[Supplied records]
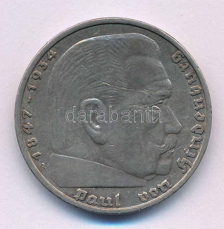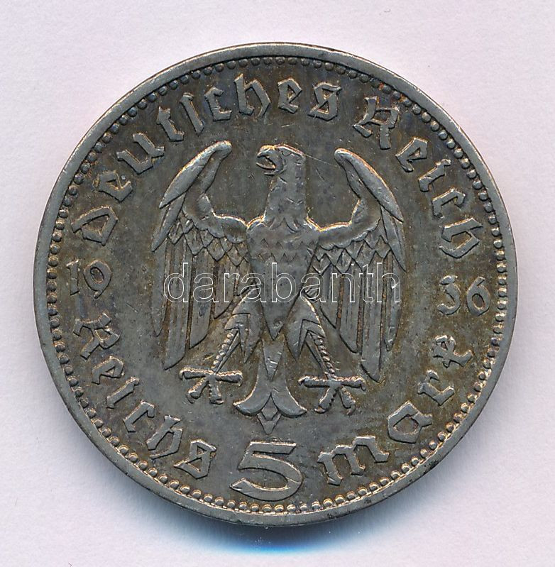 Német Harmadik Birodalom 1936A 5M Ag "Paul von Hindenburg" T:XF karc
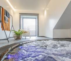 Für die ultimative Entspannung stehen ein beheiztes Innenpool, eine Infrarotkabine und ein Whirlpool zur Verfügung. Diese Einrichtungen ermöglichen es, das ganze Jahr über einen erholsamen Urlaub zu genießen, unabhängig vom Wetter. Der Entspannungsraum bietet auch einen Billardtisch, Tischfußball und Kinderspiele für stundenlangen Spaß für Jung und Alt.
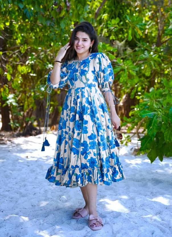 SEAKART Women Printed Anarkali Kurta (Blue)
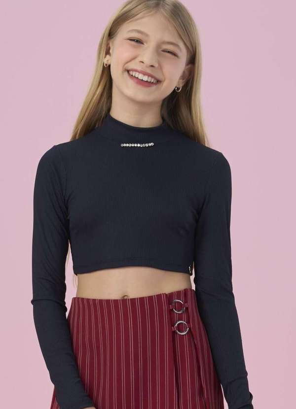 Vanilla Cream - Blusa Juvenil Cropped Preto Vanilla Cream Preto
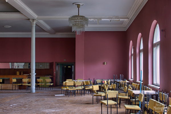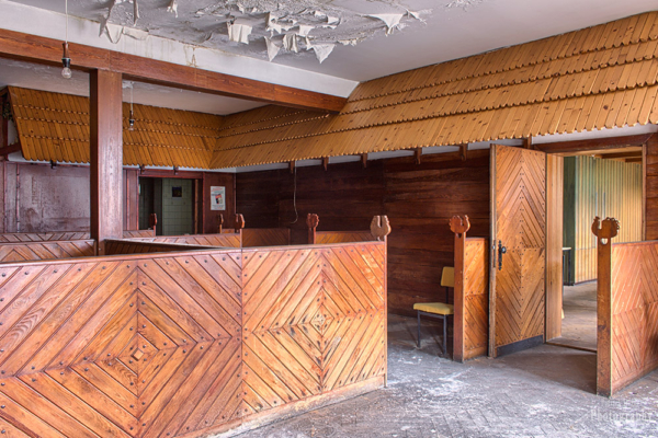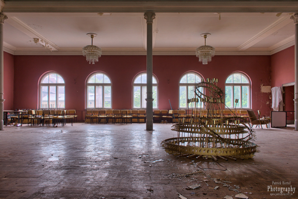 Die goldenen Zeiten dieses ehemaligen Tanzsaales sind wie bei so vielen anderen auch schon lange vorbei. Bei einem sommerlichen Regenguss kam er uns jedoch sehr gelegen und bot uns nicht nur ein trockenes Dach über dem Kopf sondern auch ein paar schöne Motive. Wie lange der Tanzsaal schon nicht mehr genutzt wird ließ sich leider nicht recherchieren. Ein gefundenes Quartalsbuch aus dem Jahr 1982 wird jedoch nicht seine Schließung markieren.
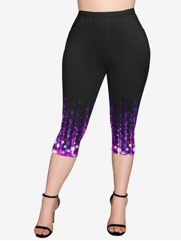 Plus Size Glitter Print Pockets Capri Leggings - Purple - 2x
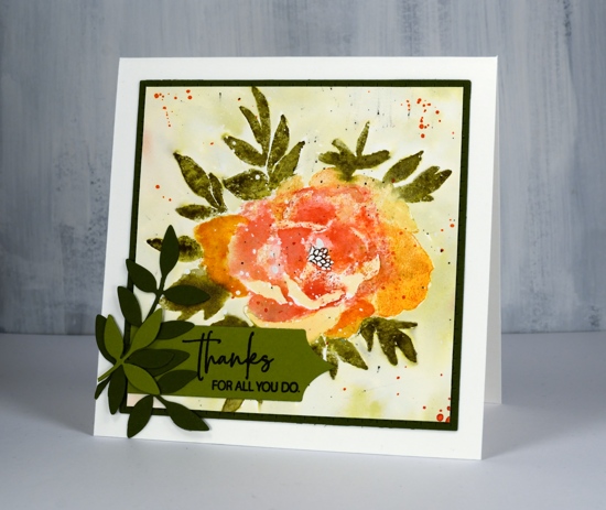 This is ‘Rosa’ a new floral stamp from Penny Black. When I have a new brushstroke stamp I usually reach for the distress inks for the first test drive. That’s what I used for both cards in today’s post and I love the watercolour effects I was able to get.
[/Supplied records]
Exercise goal: Without the pictures, copy out each entry exactly as it stands.

Finished exercise:
 Német Harmadik Birodalom 1936A 5M Ag "Paul von Hindenburg" T:XF karc
 Für die ultimative Entspannung stehen ein beheiztes Innenpool, eine Infrarotkabine und ein Whirlpool zur Verfügung. Diese Einrichtungen ermöglichen es, das ganze Jahr über einen erholsamen Urlaub zu genießen, unabhängig vom Wetter. Der Entspannungsraum bietet auch einen Billardtisch, Tischfußball und Kinderspiele für stundenlangen Spaß für Jung und Alt.
 SEAKART Women Printed Anarkali Kurta (Blue)
 Vanilla Cream - Blusa Juvenil Cropped Preto Vanilla Cream Preto
 Die goldenen Zeiten dieses ehemaligen Tanzsaales sind wie bei so vielen anderen auch schon lange vorbei. Bei einem sommerlichen Regenguss kam er uns jedoch sehr gelegen und bot uns nicht nur ein trockenes Dach über dem Kopf sondern auch ein paar schöne Motive. Wie lange der Tanzsaal schon nicht mehr genutzt wird ließ sich leider nicht recherchieren. Ein gefundenes Quartalsbuch aus dem Jahr 1982 wird jedoch nicht seine Schließung markieren.
 Plus Size Glitter Print Pockets Capri Leggings - Purple - 2x
 This is ‘Rosa’ a new floral stamp from Penny Black. When I have a new brushstroke stamp I usually reach for the distress inks for the first test drive. That’s what I used for both cards in today’s post and I love the watercolour effects I was able to get.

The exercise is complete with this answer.